One effect of cirrhosis is a condition called ascites (uh-SAI-teez). Ascites can be easily ignored in its mildest forms, when it is only detectable with diagnostic imaging procedures such as CT scans; in advanced cases, it can cause discomfort and shortness of breath. People with severe ascites often complain of abdominal distension.

Ascites is the condition that used to be known as “dropsy.” It occurs when fluid collects in the abdomen as a result of what is called portal hypertension, or high blood pressure in the blood vessels leading into and out of the liver. This creates an imbalance in pressure, and fluid rushes into the abdominal cavity to correct this imbalance. Water retention is also a factor, as the kidneys sense low volume and retain sodium and water in response.

Left untreated, ascites can raise a person’s chances of infection. The condition can be treated with diuretics and reduced salt intake, though neither of those is an effective treatment alone. The patient needs to cut his or her salt consumption to less than 2 grams per day, and go on a regimen of water pills to get retained water and salt out of the kidneys. In extreme cases, a sterile needle can be used to quickly remove fluid from the abdomen.

Less directly, ascites generally goes away with treatment of the underlying cause, such as cirrhosis. In cases of complete liver failure, for example, a liver transplant will also clear up the ascites.

Cirrhosis is the most common cause of ascites, but there are a number of other ailments that can lead to the condition. It can result from any form of acute liver failure or liver cancer, or from a condition called Budd-Chiari syndrome in which the veins that blood exiting the liver goes through become blocked. Beyond the liver, heart failure, kidney disease, and pancreatitis can all lead to ascites.

Saving the Brain from Stroke

When a stroke happens, time is of the essence. Brain damage can happen in mere moments. Now Canadian researchers have found a drug that seems to be effective in preventing this damage and protecting brain function. Research into such drugs has been sparse due to pessimism about their efficacy, but this study suggests that such an approach could very well be successful.

When blood vessels in the brain are damaged—broken or blocked—the result is generally a stroke. Blood can’t get to some or all of the brain and brain cells begin to die off. The functions these cells perform, whatever they happen to be, are obviously affected by this; that’s why stroke is the fourth-leading cause of death in the United States and a major cause of disability that isn’t congenital or inborn.

Now a partial solution may soon be at hand.

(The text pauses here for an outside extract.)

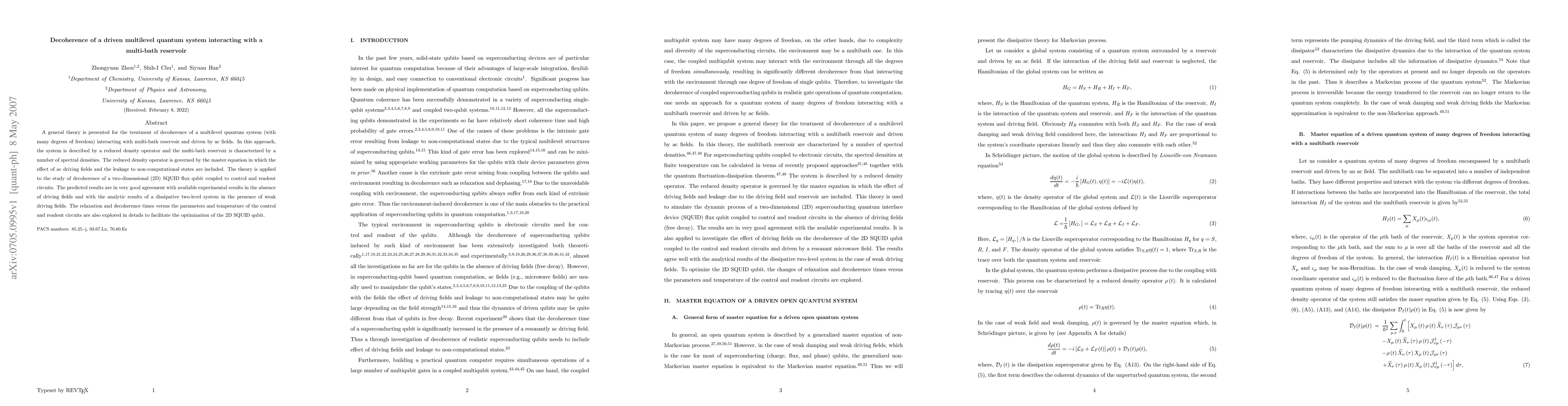 This paper develops a comprehensive theory for decoherence in a multilevel quantum system interacting with multiple thermal reservoirs and driven by ac fields, using a reduced density operator approach. The model is applied to a 2D SQUID flux qubit, showing good agreement with experimental data and aiding in the optimization of qubit parameters.

“Through our lab research and clinical trial, we now have a better method of predicting whether a stroke drug may be effective in humans and we now have the evidence that there is a neuroprotectant that can prevent damage in the brain caused by reduced blood flow,” said Dr. Michael Tymianski, who invented the drug under study, in a statement. “The benefits of this can be explored not only for stroke, but for other conditions such as vascular dementia.”

What that means is that Dr. Tymianski created a medication that protects the brain when it’s not getting proper amounts of bloodflow due to a stroke. Right now it has only been shown to be effective for certain kinds of strokes, but Dr. Tymianski thinks it could work for other kinds as well.

The National Stroke Association’s advice for spotting a stroke is based on the letters in the word “FAST”: face, arms, speech, time. If you think someone is having a stroke, ask them to smile and see if their face droops on one side, ask them to raise both arms and see if one drifts downwards, ask them to repeat a phrase and see if their speech is slurred; if any of these are true, contact emergency medical services immediately and note the time symptoms first appeared. The sooner treatment is begun, the better.